Action item
Starting with the line that has "Tamsin Embleton (left)" in the records below and ending with the line that has "Women's Jumpsuit –", output those lines exactly and nothing more; omit the pictures.

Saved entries

■ ■ ■ ■

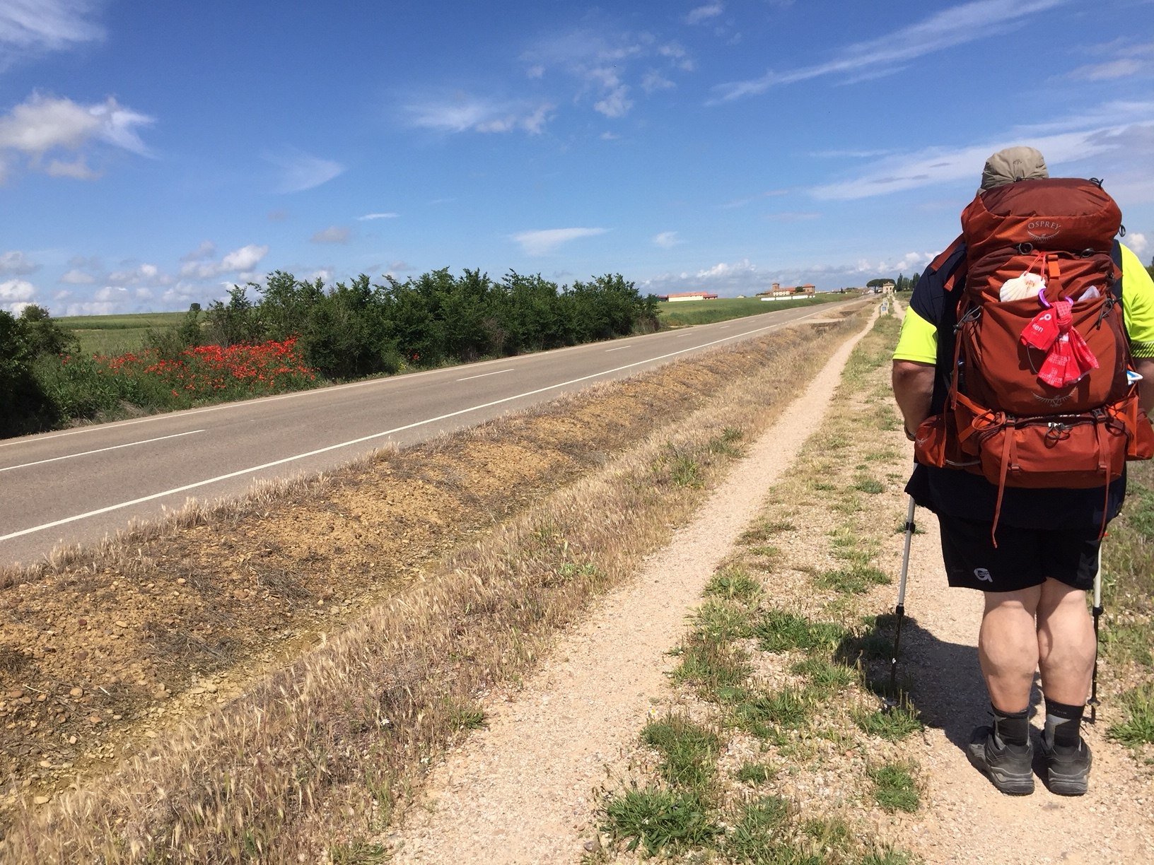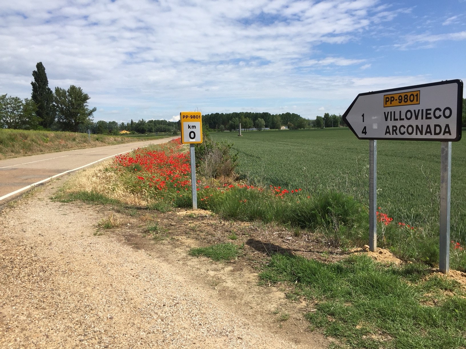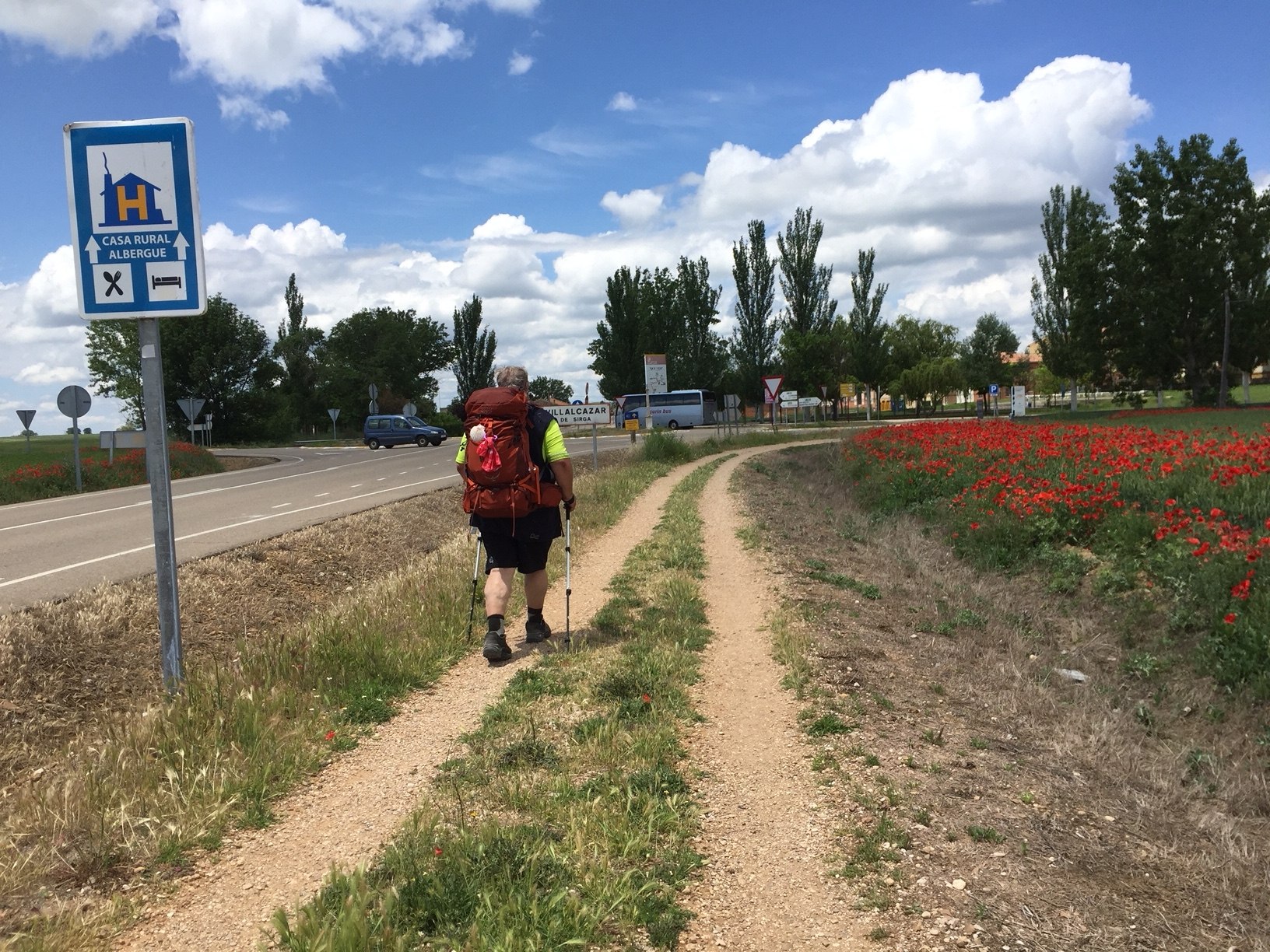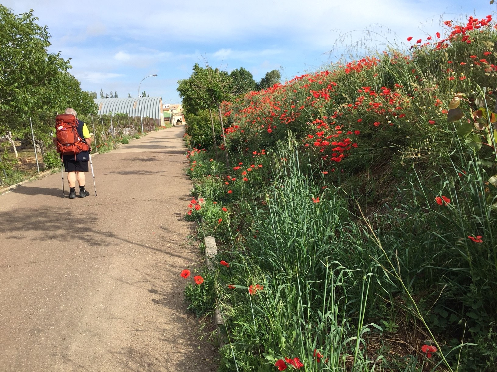 Heute zeigt sich die Meseta wieder mit einem anderen Gesicht. Es dominieren die Felder mit Getreide. Gerste, Roggen und Hafer sind meist noch grün, haben aber bereits Ähren angesetzt und das bekannte Braun der Meseta ist ansatzweise hier und da erkennbar. Die intensiv bewirtschafteten Flächen sind nicht so groß, wie in den letzten Tagen. Überall, wo die mechanisierte Landwirtschaft nicht hin kommt, dominieren die Blumen. Wir sehen hauptsächlich Mohn, aber auch wilde Rosen, Kornblumen, Ginster, Kamille, Glockenblumen, Malven und viele Wildkräuter. Einige davon kennen wir natürlich nicht.
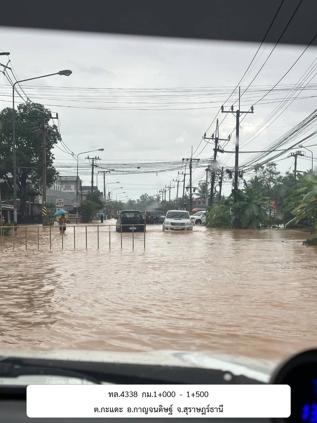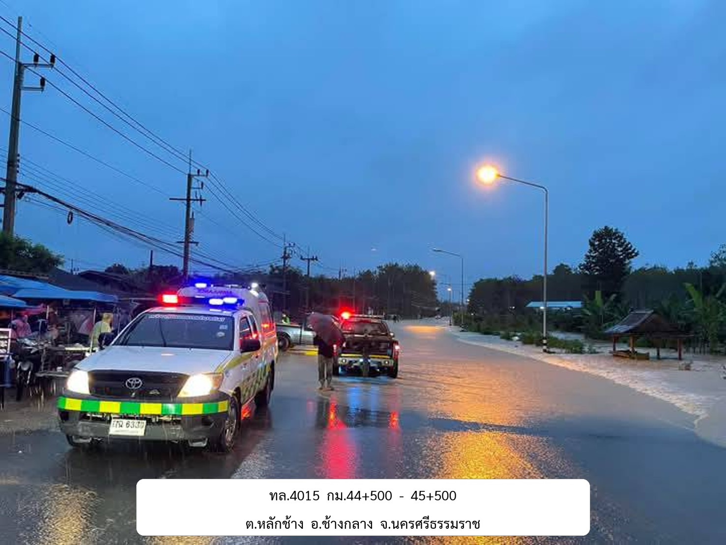 1. ทล.403 สายนครศรีธรรมราช - เสาธง ช่วง กม.ที่ 10+600 - 11+200 อ.พระพรหม ระดับน้ำสูง 100 ซม.
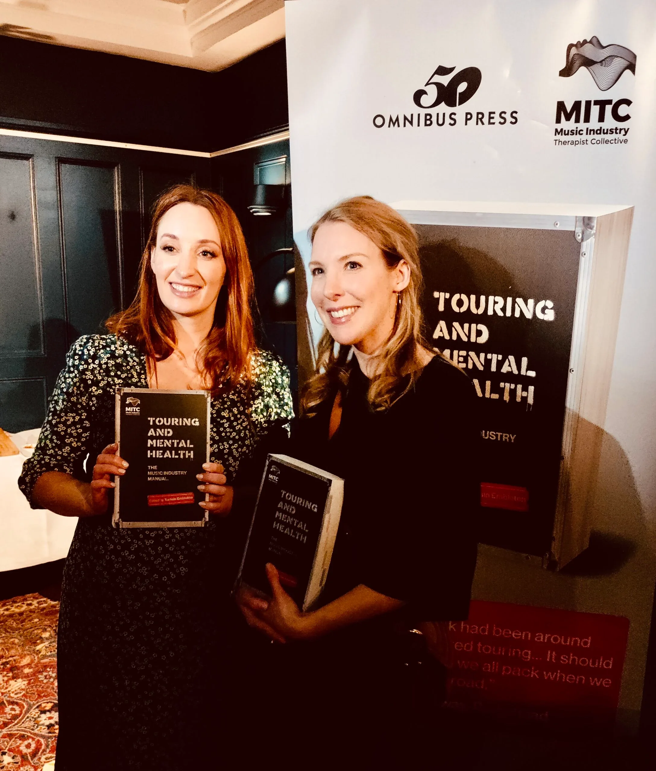 Tamsin Embleton (left) and Laura Newton holding the ‘Touring and Mental Health: the Music Industry Manual’. Courtesy The Music Industry Therapist Collective.
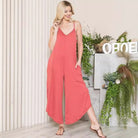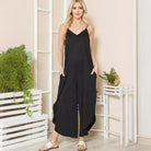 Women's Jumpsuit – Loose Fit – V-Neck Sleeveless – Wide Legs – With Pockets
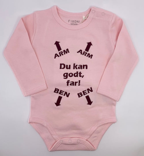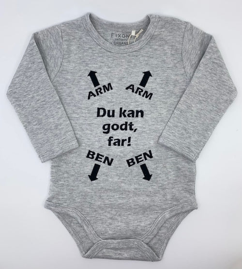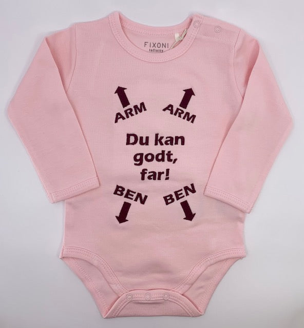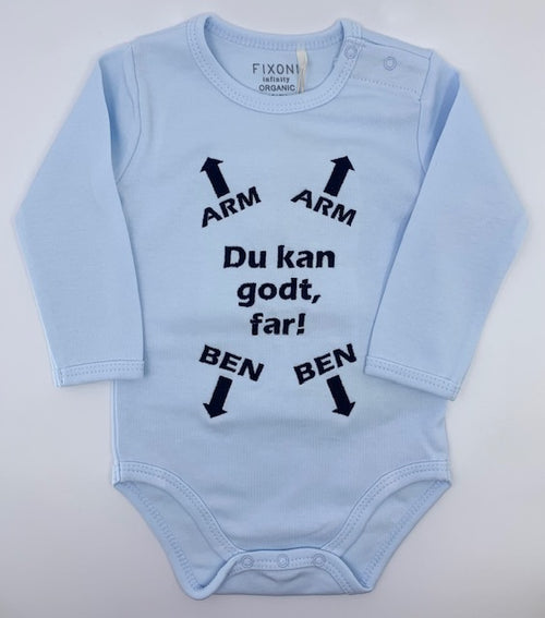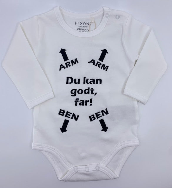 Skøn bodystocking med designet "Du kan godt far!" broderet på maven. Perfekt gaveidé til de nybagte forældre. Bodyen har praktiske trykknapper på skulderen og imellem benene.
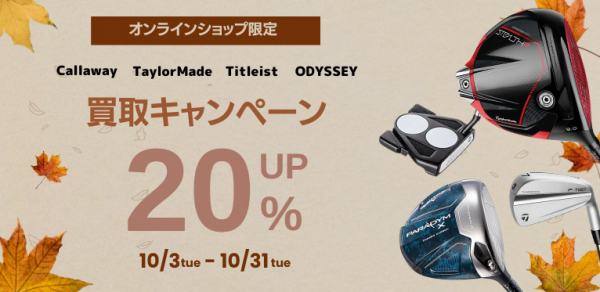 株式会社ゴルフ・ドゥ(本社 さいたま市 代表取締役社長:佐久間功)が運営するゴルフドゥ!オンラインショップ内のオンライン買取限定で10月31日(火)までの期間、対象ゴルフクラブの買取査定が20%増額となるキャンペーンを実施中です。対象となるゴルフクラブブランドは「キャロウェイ」、「テーラーメイド」、「タイトリスト」、「オデッセイ」のAランク・Bランク・Cランクのクラブです。
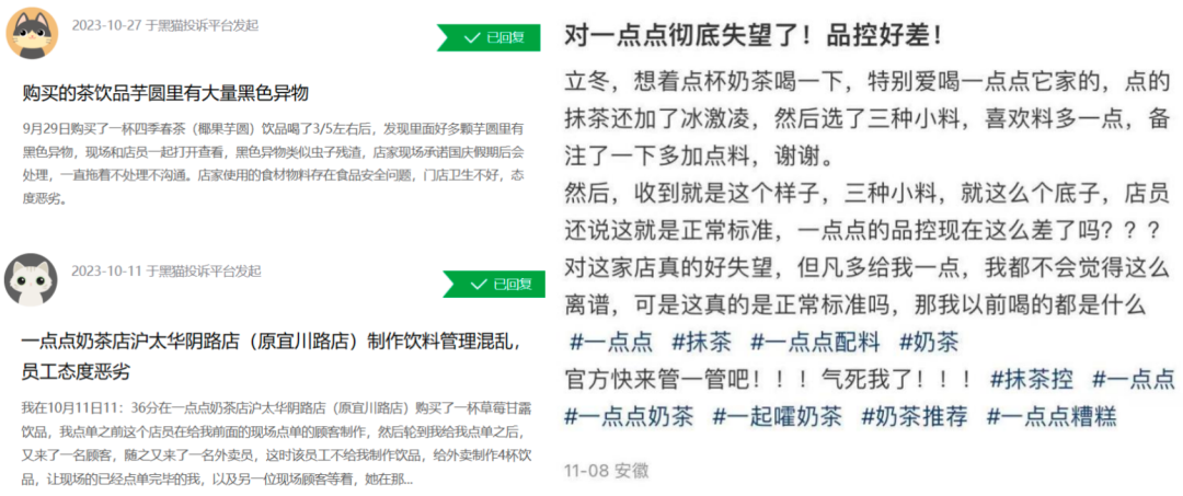 筆者以“1點點”為關(guān)鍵詞在黑貓投訴平臺進行搜索,發(fā)現(xiàn)其累積投訴量為439件,主要問題集中在喝出異物(如蟲子、釘子、塑料、頭發(fā)等)、服務(wù)不佳(有的店員服務(wù)態(tài)度冷漠甚至出現(xiàn)過辱罵)等情況。

■ ■ ■ ■

Written solution
 Tamsin Embleton (left) and Laura Newton holding the ‘Touring and Mental Health: the Music Industry Manual’. Courtesy The Music Industry Therapist Collective.
 Women's Jumpsuit – Loose Fit – V-Neck Sleeveless – Wide Legs – With Pockets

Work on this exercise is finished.